▶ **Task brief**
Your answer should consist only of the lines below from the one with "- Material –" through the one with "あっこが撮ってくれた、ライヴと旅の動画をみんなで見てます。", copied exactly.

▶ **Data in this exercise**
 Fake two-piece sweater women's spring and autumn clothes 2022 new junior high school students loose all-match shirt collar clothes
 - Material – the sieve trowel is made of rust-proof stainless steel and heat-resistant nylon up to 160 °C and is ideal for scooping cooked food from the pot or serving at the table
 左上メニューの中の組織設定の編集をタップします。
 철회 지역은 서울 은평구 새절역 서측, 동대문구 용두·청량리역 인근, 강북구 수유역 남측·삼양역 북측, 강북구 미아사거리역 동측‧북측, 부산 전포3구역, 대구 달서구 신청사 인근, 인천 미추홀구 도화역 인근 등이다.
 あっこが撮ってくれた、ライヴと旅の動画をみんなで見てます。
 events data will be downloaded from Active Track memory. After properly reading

...

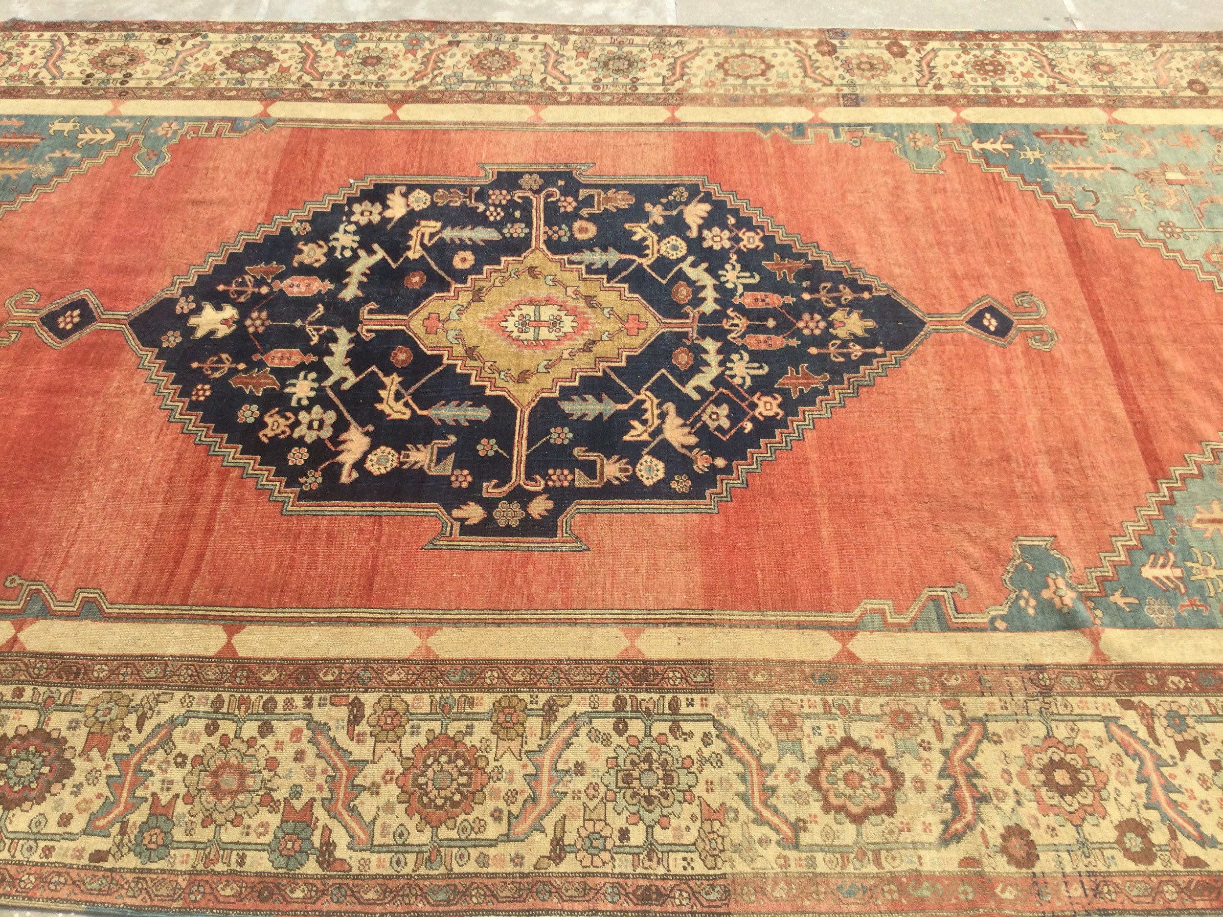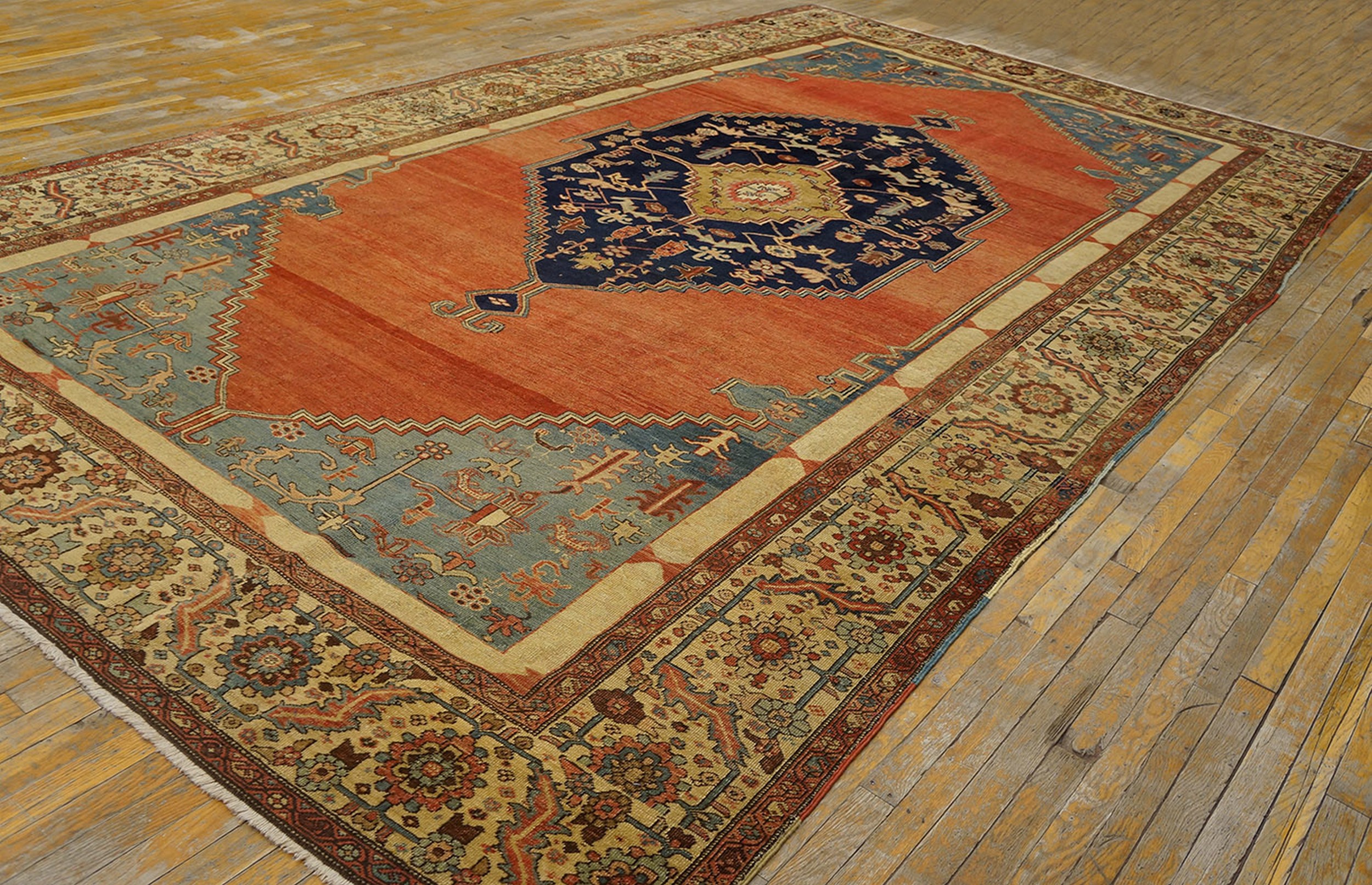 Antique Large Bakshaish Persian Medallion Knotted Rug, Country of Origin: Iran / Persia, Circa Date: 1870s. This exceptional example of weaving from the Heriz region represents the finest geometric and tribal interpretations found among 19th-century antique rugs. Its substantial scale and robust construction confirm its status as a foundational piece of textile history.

▶ **Output**
 - Material – the sieve trowel is made of rust-proof stainless steel and heat-resistant nylon up to 160 °C and is ideal for scooping cooked food from the pot or serving at the table
 左上メニューの中の組織設定の編集をタップします。
 철회 지역은 서울 은평구 새절역 서측, 동대문구 용두·청량리역 인근, 강북구 수유역 남측·삼양역 북측, 강북구 미아사거리역 동측‧북측, 부산 전포3구역, 대구 달서구 신청사 인근, 인천 미추홀구 도화역 인근 등이다.
 あっこが撮ってくれた、ライヴと旅の動画をみんなで見てます。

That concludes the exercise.